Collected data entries
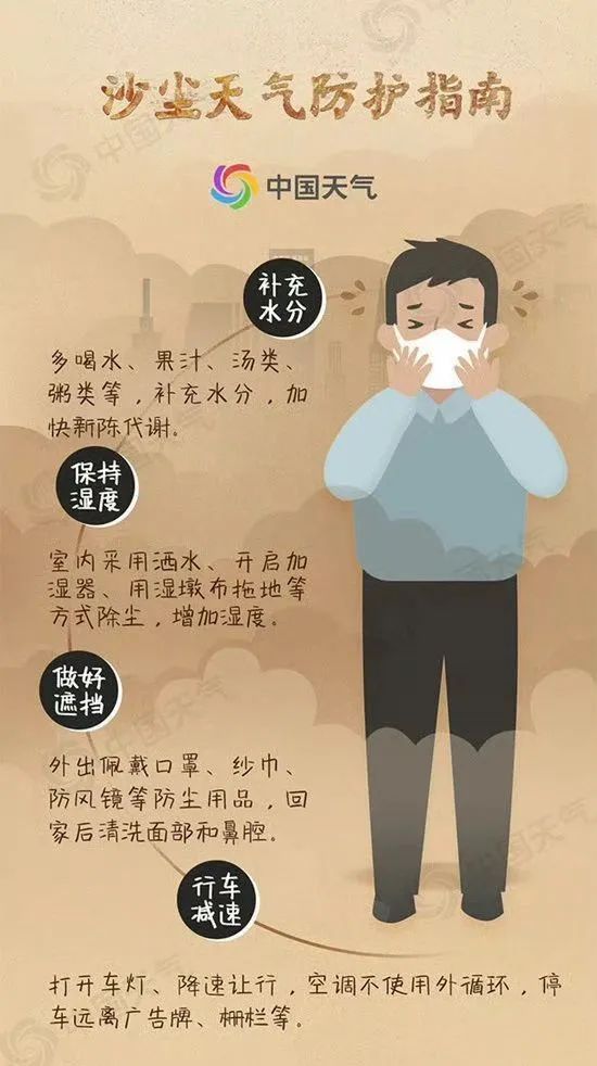 佩戴防护用品:如需外出,应佩戴口罩、纱巾、护目镜或风镜等防尘用品,避免沙尘进入呼吸道和眼睛。
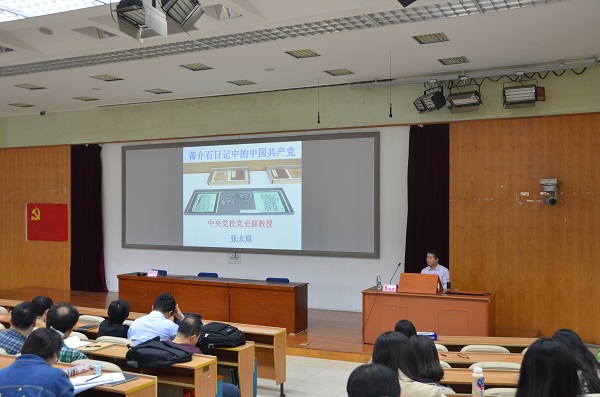 4月7日下午,开云线上平台(集团)官方网站二级党校在教九楼502室举办题为“蒋介石日记中的中国共产党”专题讲座。本场讲座由中共中央党校党史教研部副主任张太原教授担任主讲,来自历史学院和古籍与传统文化研究院的近200位教工与学生党员以及入党积极分子参加了此次讲座。讲座由历史学院分党委书记郭家宏主持。
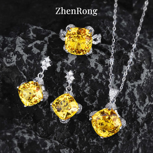 Exquisite Luxury Color Zircon Jewelry Sets Women Fashion Silver Color Orange CZ Pendant Necklaces Earrings Rings Wedding Gifts
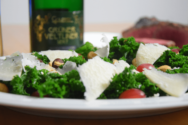 Mal ausprobieren, ob ein Steak auch mit Grünkohl geht. Dazu Weintrauben sowie Haselnüsse. Es geht! Die Zutaten für das Gericht stammen zum Teil aus Italien bzw. aus Deutschland. Der Goldeck-Sekt vom Grünen Veltliner sorgt für die österreichische Herzlichkeit.
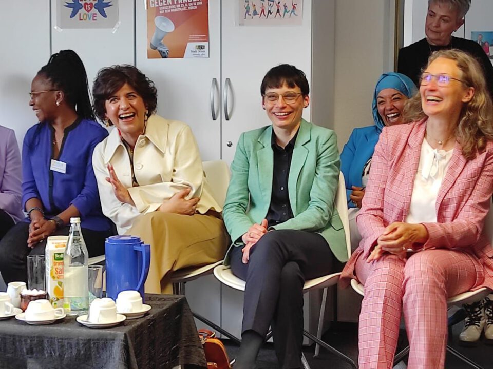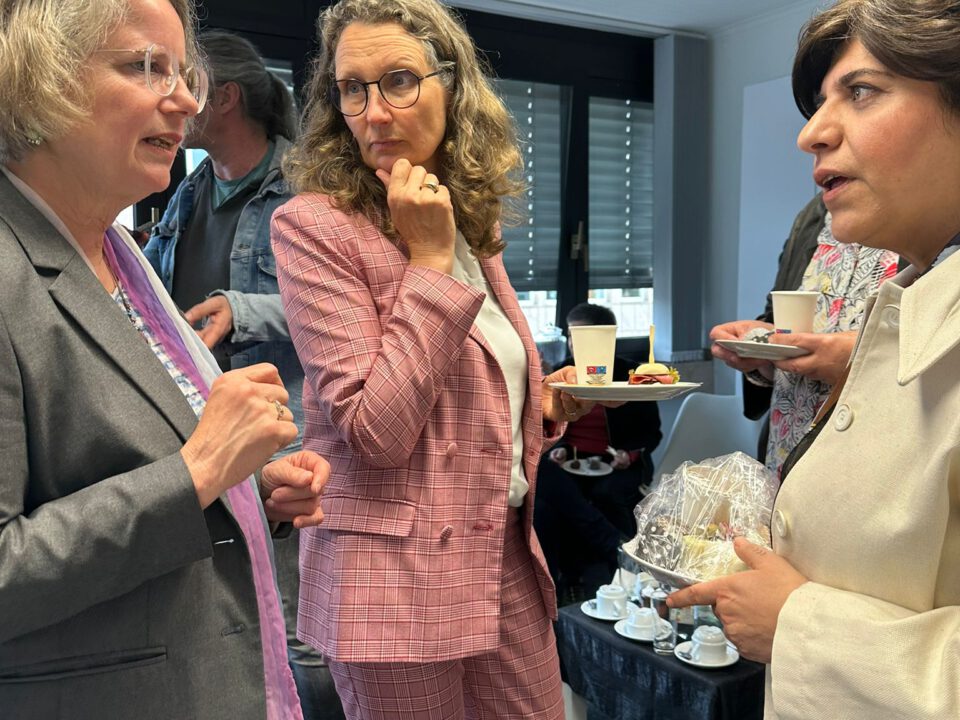 Es war uns eine große Ehre, am 10. Mai 2023 Besuch aus der Landesregierung Düsseldorf empfangen zu dürfen: Berivan Aymaz, Vizepräsidentin des Landtags, Josefine Paul, Ministerin für Kinder, Jugend, Familie, Gleichstellung, Flucht und Integration des Landes Nordrhein-Westfalen, und Landtagsabgeordnete Antje Grothus hatten sich auf den Weg nach Düren gemacht, um sich über das Migrantinnen-Netzwerk gegen häusliche Gewalt zu informieren.

◆ The task:
This exercise asks for the data above to be given again exactly, without pictures.

◆ Task output:
 佩戴防护用品:如需外出,应佩戴口罩、纱巾、护目镜或风镜等防尘用品,避免沙尘进入呼吸道和眼睛。
 4月7日下午,开云线上平台(集团)官方网站二级党校在教九楼502室举办题为“蒋介石日记中的中国共产党”专题讲座。本场讲座由中共中央党校党史教研部副主任张太原教授担任主讲,来自历史学院和古籍与传统文化研究院的近200位教工与学生党员以及入党积极分子参加了此次讲座。讲座由历史学院分党委书记郭家宏主持。
 Exquisite Luxury Color Zircon Jewelry Sets Women Fashion Silver Color Orange CZ Pendant Necklaces Earrings Rings Wedding Gifts
 Mal ausprobieren, ob ein Steak auch mit Grünkohl geht. Dazu Weintrauben sowie Haselnüsse. Es geht! Die Zutaten für das Gericht stammen zum Teil aus Italien bzw. aus Deutschland. Der Goldeck-Sekt vom Grünen Veltliner sorgt für die österreichische Herzlichkeit.
 Es war uns eine große Ehre, am 10. Mai 2023 Besuch aus der Landesregierung Düsseldorf empfangen zu dürfen: Berivan Aymaz, Vizepräsidentin des Landtags, Josefine Paul, Ministerin für Kinder, Jugend, Familie, Gleichstellung, Flucht und Integration des Landes Nordrhein-Westfalen, und Landtagsabgeordnete Antje Grothus hatten sich auf den Weg nach Düren gemacht, um sich über das Migrantinnen-Netzwerk gegen häusliche Gewalt zu informieren.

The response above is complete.